Cirrhosis of the liver
– replacement of hepatocytes with fibrous connective tissue.
Hepatic coma
– a progressive disruption of the organ and central nervous system, which can lead to death.
Treatment of toxic hepatitis
First of all, the treatment of toxic hepatitis involves the most complete elimination of contact with the toxic substance. Patients are prescribed strict bed rest. If toxins penetrate through the digestive tract, gastric lavage is performed before starting drug therapy. Further, in order to remove poison from the body, patients with toxic hepatitis may be advised to take adsorbents, drip infusion of electrolyte solutions, and in case of severe liver damage, blood purification (plasmapheresis or hemosorption).

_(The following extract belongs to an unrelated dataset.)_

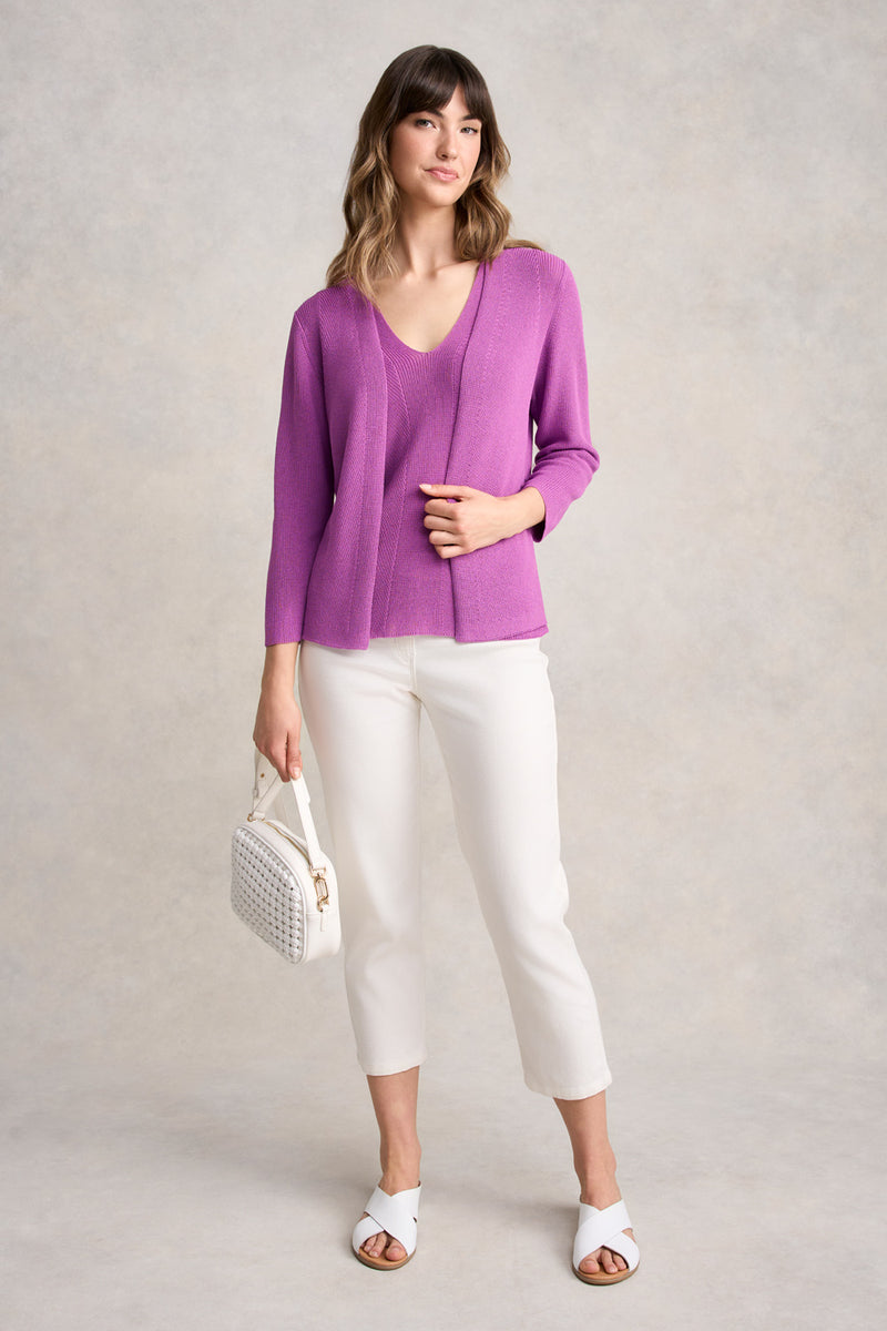 Bronte wears our Knitted 3/4 Length Cardigan over our Linen Mix V-neck Top.

To activate the process of eliminating toxic substances during the treatment of hepatitis, choleretic drugs can be used, and in case of mushroom poisoning, antidotes can be used. In order to maintain liver function, vitamin therapy is carried out using B vitamins and ascorbic acid.
Diagnostics
Diagnosis of toxic hepatitis includes instrumental and laboratory methods that are also used in identifying other acute and chronic liver lesions. During the first medical consultation, a physical examination and history taking are performed. In most cases, this allows you to get a rough idea of the reasons that triggered the development of toxic hepatitis.
Laboratory methods for diagnosing liver damage:
- biochemical blood test - determination of the level of direct, indirect and total bilirubin, alkaline phosphatase, AlT and AST and γ-GTP;
- coagulogram - prescribed to assess the state of the hemostatic system;
- general blood and urine tests;
- tests to exclude the presence of other forms of hepatitis.
Instrumental diagnostic techniques:
- Ultrasound of the abdominal organs;
- liver scintigraphy;
- MRI;
- laparoscopic examination with targeted puncture biopsy of the liver.